Forum Discussion
5 Replies
- Altera_Forum
Honored Contributor
The required stack and heap size strongly depend on what your code does and how it is structured.
Stack size usually increase if you use many levels of function calls (main calls fn1 which calls fn2 which calls fn3...) and/or if you use a lot of local variables. This is because each function call pushes some data on the stack, i.e. function parameters, return address, local variables: then the stack grows momentarily until the function returns. More nested calls you have, more the stack will grow. For the same reason the grow could be 'explosive' if you use recursive calls. Heap size substantially depends on manually allocated variables. If your code doesn't use functions like malloc or calloc, you virtually don't need heap at all. Clearly, you must also consider any library functions you are using.
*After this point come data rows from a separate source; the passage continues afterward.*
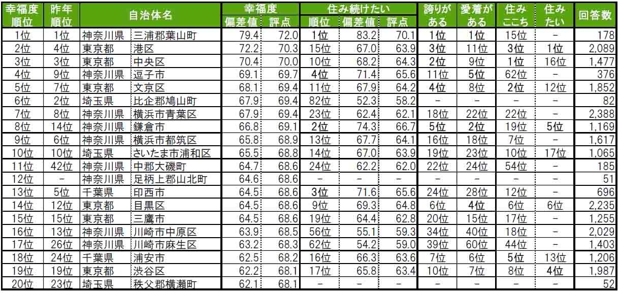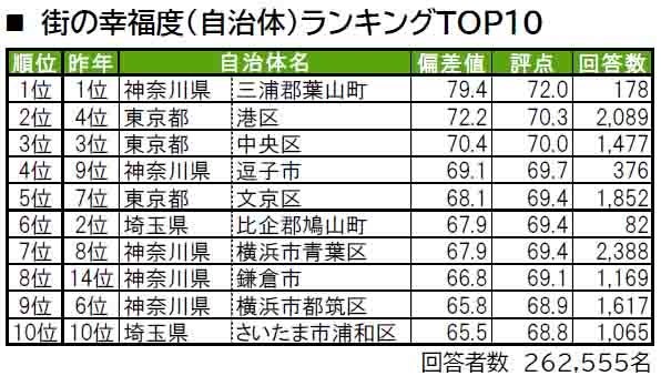 ■街の幸福度(自治体)トップは、2年連続で神奈川県三浦郡葉山町
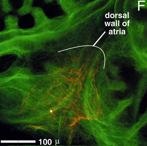 Atlas: tissues: heart: Stage 46: cardiac troponin T (red) and fibrillin (green)
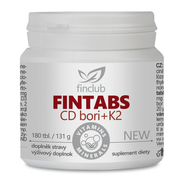 Fintabs CD bori poskytuje organizmu výživu pre pohybový aparát, vápnik je obohatený o horčík, kremík, bór, vitamíny D3, C, biotín a novo o vitamín K2. Tieto látky sú užitočné pre strednú generáciu, seniorov, ženy v menopauze i po menopauze.
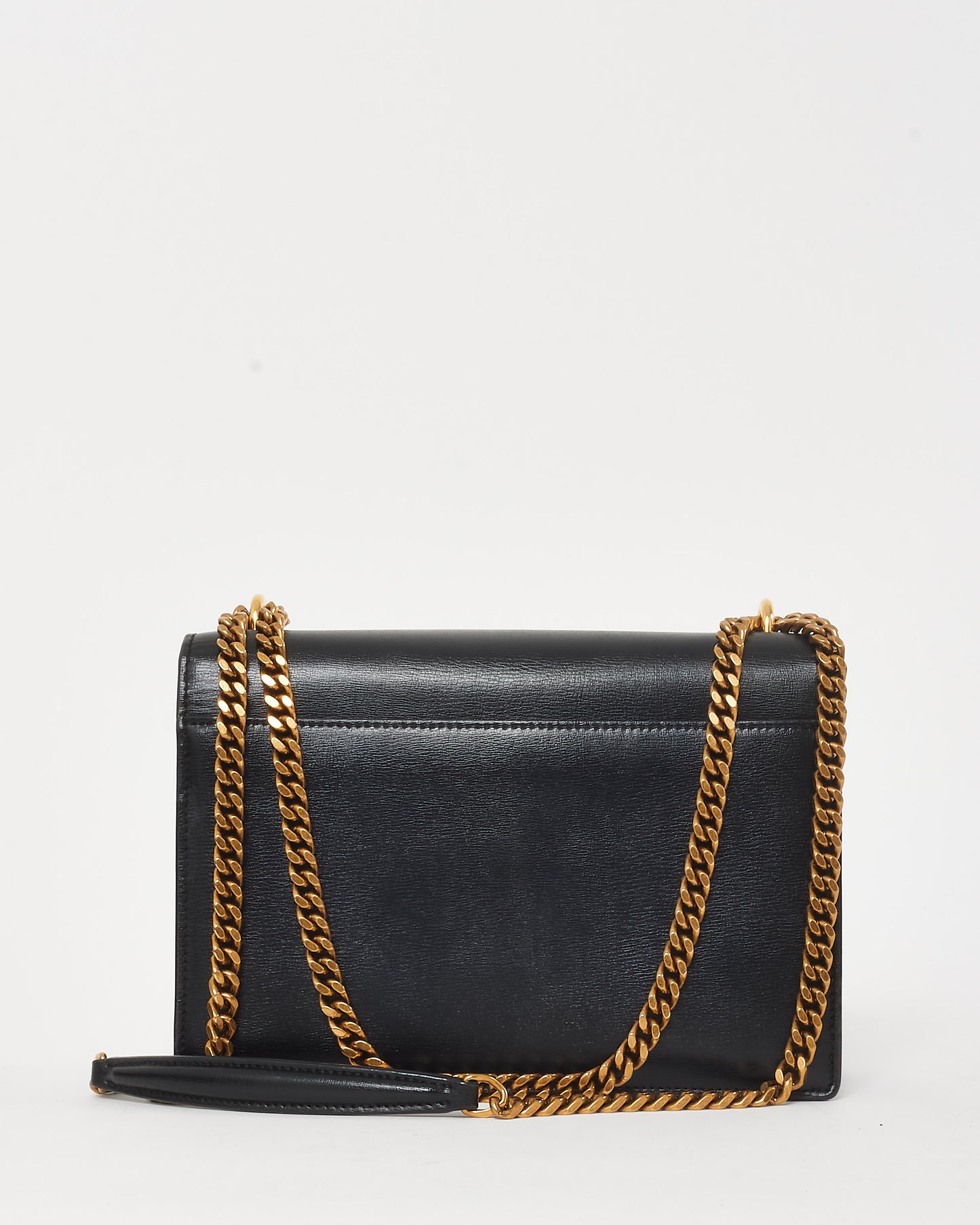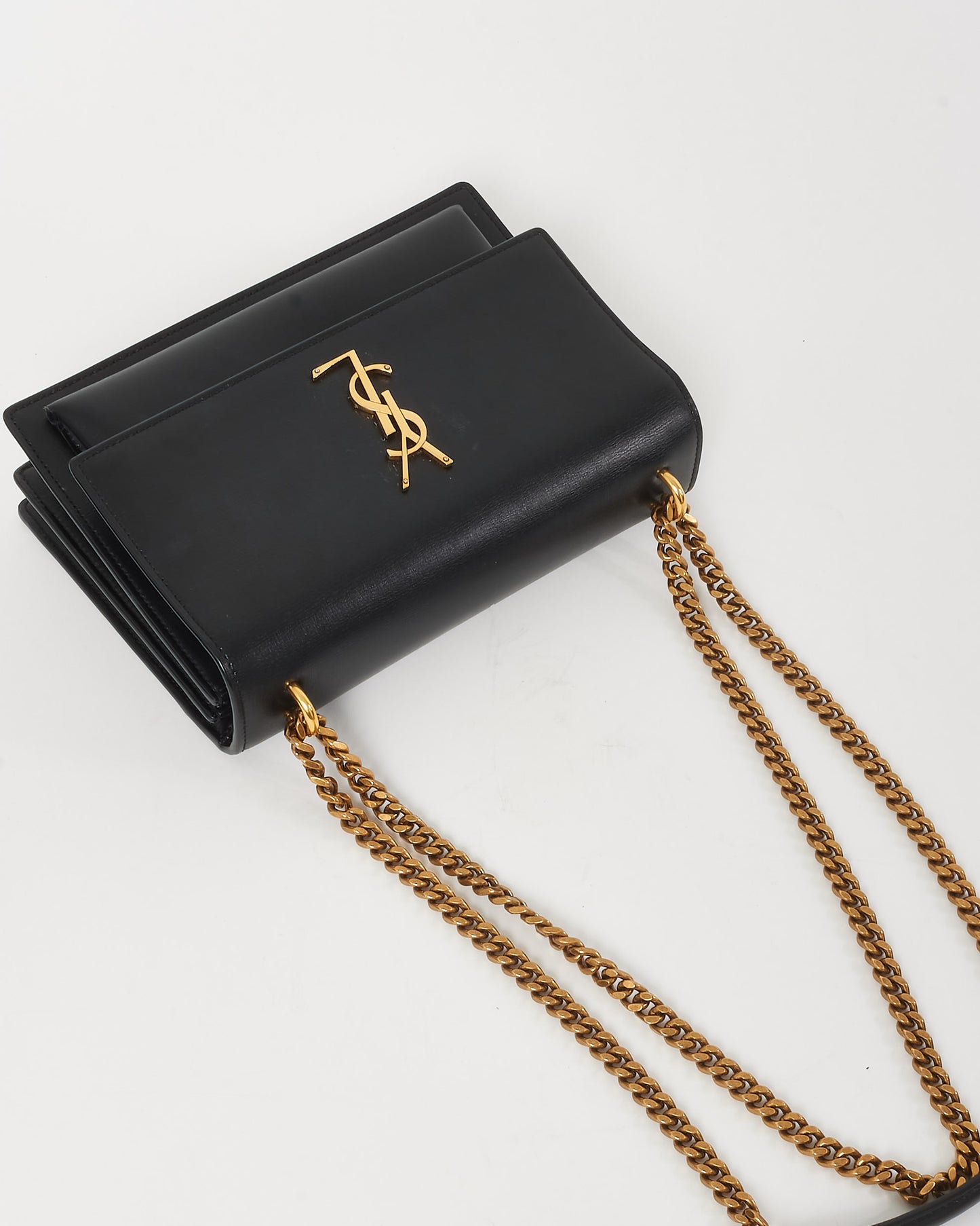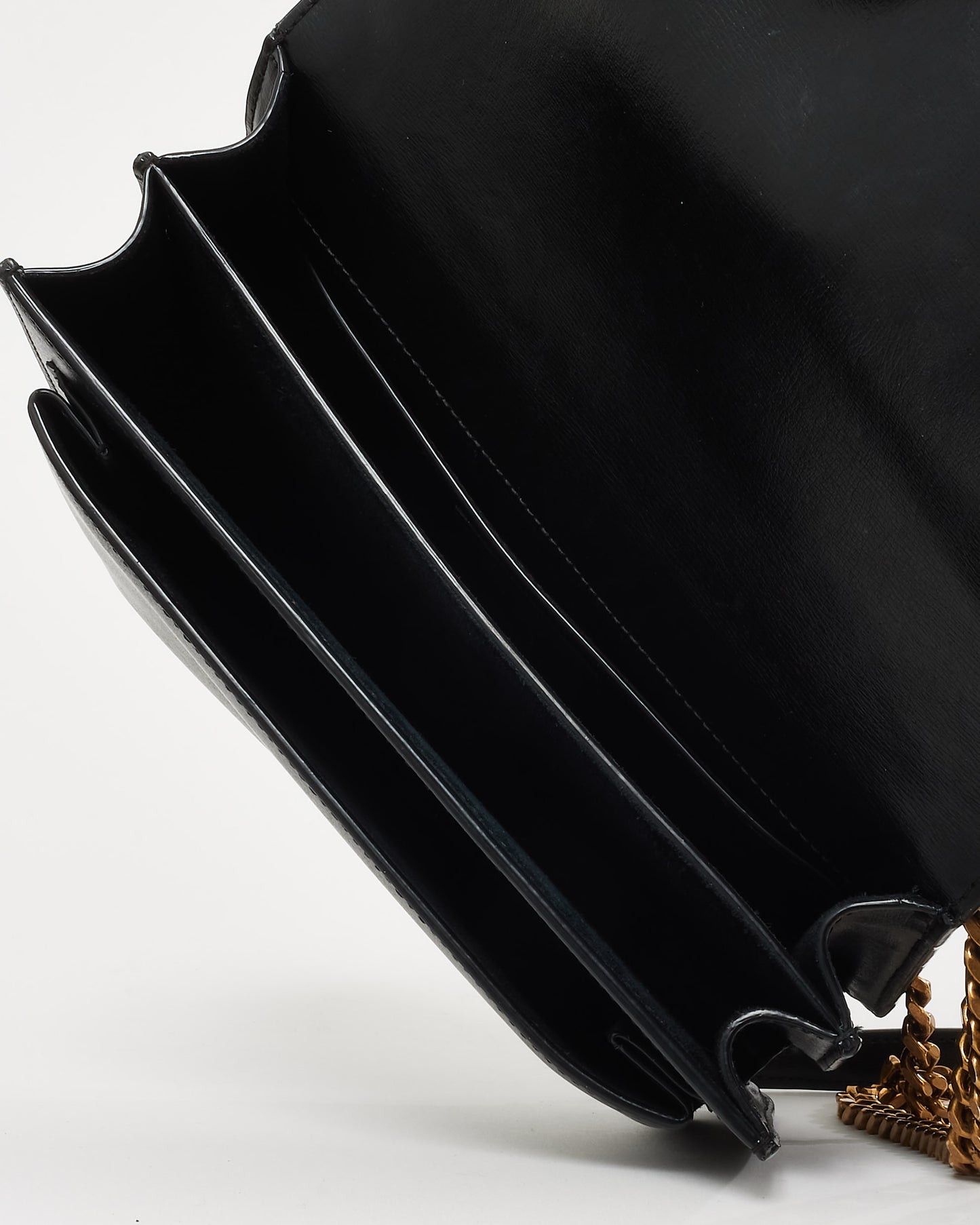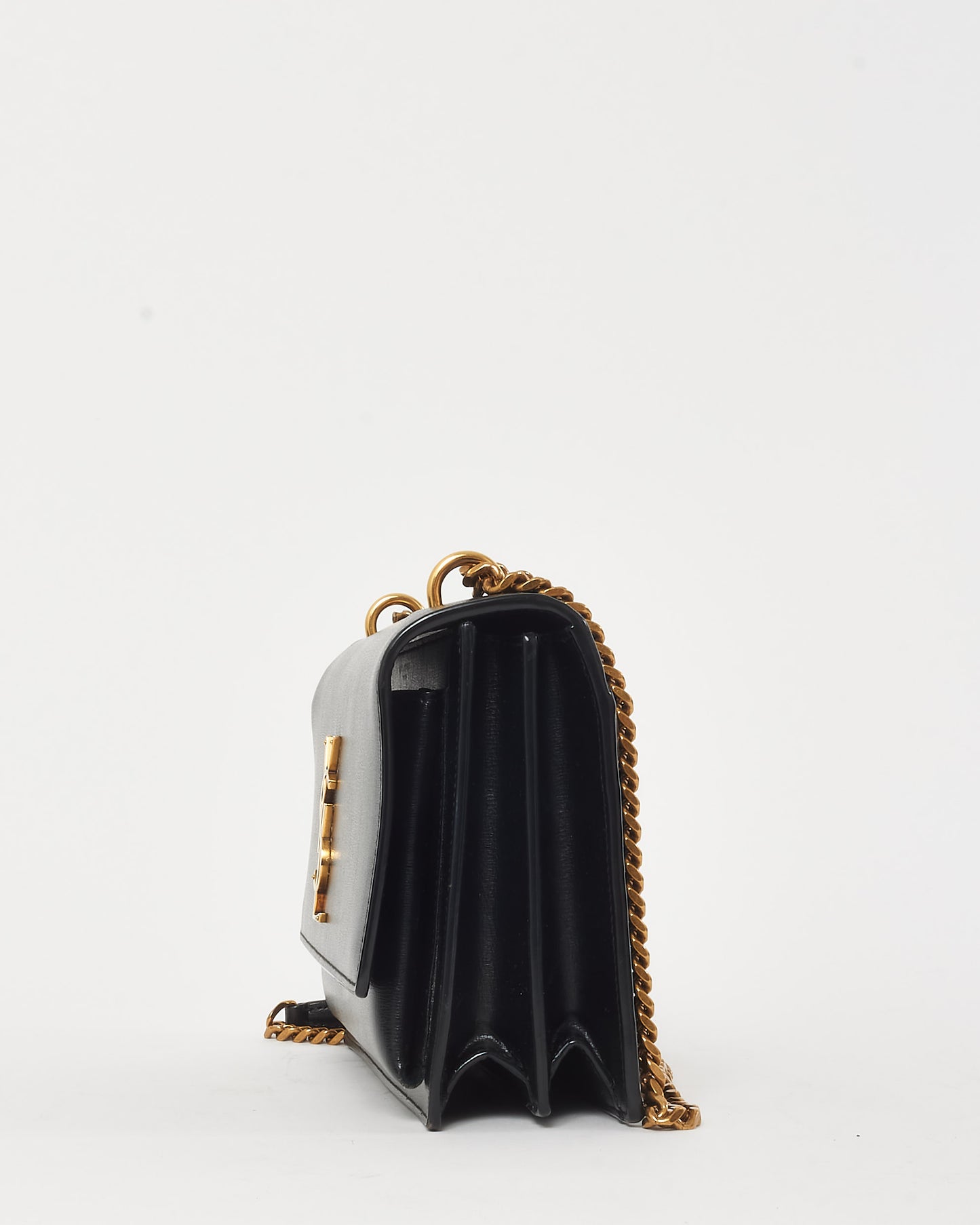 Sleek, structured, and undeniably elegant, the pre-owned authentic Saint Laurent Black Smooth Leather YSL Medium Sunset Bag is a modern icon of refined sophistication. Crafted from smooth black calfskin leather, this timeless silhouette features a sharp rectangular shape, signature gold-tone YSL logo hardware and a double-gusset design for effortless organization.

They will add some stack -and possibly heap- usage to that stricly required by your code. - Altera_Forum
Honored Contributor
thank you Cris72
so if the stack + heap is not big enough, will the eclipse give me some warnings? - Altera_Forum
Honored Contributor
AFAIK you'll get no warnings.
The compiler can hardly infer from your code how much space is actually required. - Altera_Forum
Honored Contributor
Most likely the stack will crash into the heap and all hell will break loose.
Maximum stack use is likely to be in some obscure error path. Maximumum heap use is likely to happen due to heap fragmentation. In reality, unless you have a lot of spare memory (so it just isn't going to be a problem), you don't want to be using heap allocated memory (certainly not after any initialisation phase). My nios code (which implements a hdlc and a protocol over it) is carfully written so that the compiler can inline all function calls and never uses the stack at all (ok, there is still some function prologue that saves registers on the stack). - Altera_Forum
Honored Contributor
If you are really concerned about stack, you should check the "enable_runtime_stack_checking" option at the nios2-bsp-editor (Main>>Advanced>>hal).
This however can increase code size but at least will guarantee stack corruption does not occur.